MEPA’s new compromise penalty is ‘institutionalised’ planning abuse

Astrid Vella: ‘49% of Maltese who are disillusioned by government’s environment track record is set to grow’

Flimkien għal Ambjent Aħjar said a new legal notice allowing MEPA to reduce fines imposed for planning abuse reverses the introduction in 2011 of stricter daily fines.

MaltaToday first reported last week of a controversial legal notice allowing the Malta Environment and Planning Authority to discount fines imposed on planning illegalities. 

The law obliges MEPA to seek public consultation before any changes to planning policy are approved by the government but in this case MEPA claims that the changes were directly proposed by the government.
Through the new legal notice MEPA will be given the power to accept or refuse requests by owners of illegal buildings to pay a “compromise penalty” instead of the daily fines which under the law can reach up to €50 a day.

FAA spokesperson Astrid Vella said the government was inviting abusers to make submissions to “specify the impelling reason or reasons why the penalty established in the [2011] notice should not be paid, as well as the manner in which the fine is to be varied.”

“Since when do we allow wrongdoers to decide their own punishment?” Vella asked.

A MEPA committee is to be set up to deal with these requests, however no policies or parameters have been published in order to guide this committee in an accountable and equitable manner.

Vella added that the legal notice, issued by government directly, bypassed MEPA’s public consultation system.

“This is a very ominous development which has already been used when government invited developers to submit projects for land reclamation, side-stepping the need to issue a policy subject to consultation and EU scrutiny.

“Along with the ‘planning amnesty’ announced in February 2015 to sanction up to 10,000 long-standing illegal developments, this latest reduction of fines is yet another policy reinforcing the message to the public that in Malta crime pays.”

In October 2014 MEPA removed obligations for developers to obtain consent of at least 75% of neighbours in cases of changes in zoning or street alignment.

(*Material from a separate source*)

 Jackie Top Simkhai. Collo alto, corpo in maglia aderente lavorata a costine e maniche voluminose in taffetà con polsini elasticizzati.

Last week, MEPA announced a downgrading of Traffic Impact Assessment requirements to introduce a simplified traffic statement even for large projects.

Vella said the policies had been drafted with the aim of facilitating more development, with no consideration for the long-term benefit of residents or for Malta’s environment.

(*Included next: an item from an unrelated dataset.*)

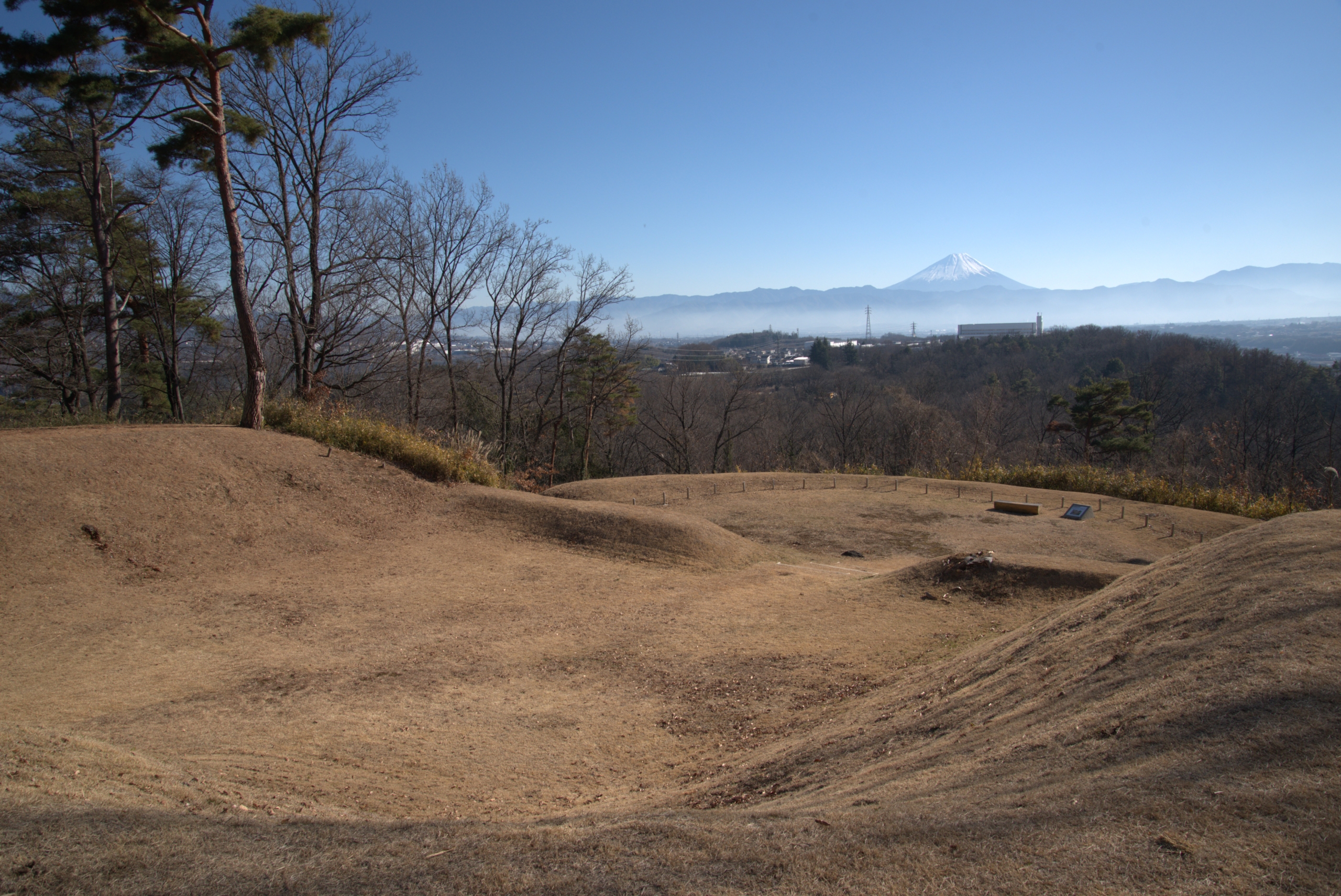 発掘調査を元に整備され、高さ3.4mの土塁が待ち受けます。奥には富士山が綺麗に見えます。気温差があったからでしょうか。街並みには靄がかかっており、より幻想的な姿でした。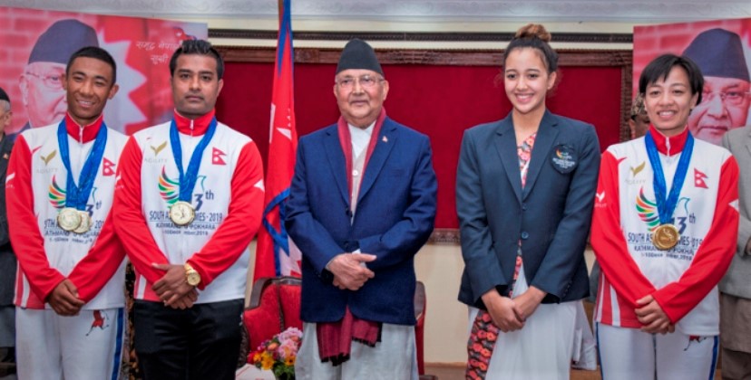 काठमाडौँ ,२७ मङ्सिर । नेपालमा भएको १३ औँ दक्षिण एसियाली खेलकुद (साग) का पदक विजेता खेलाडीहरूको नागरिक अभिनन्दनमा पानीले प्रभावित भएको छ ।

“As if to prove this point, this Thursday the MEPA Board is to debate applications for boathouses at Dwejra, Gozo, which had been refused in 2011. These cases were going through the Appeals Tribunal – how they are to appear before the MEPA Board is anybody’s guess.

“The boathouse saga all over our islands is synonymous with environmental mismanagement, poor governance, political manipulation, cronyism and lack of political courage. The fact that these refused applications are being reconsidered now, speaks volumes. The 49% of Maltese who are disillusioned by government’s environment track record is set to grow.”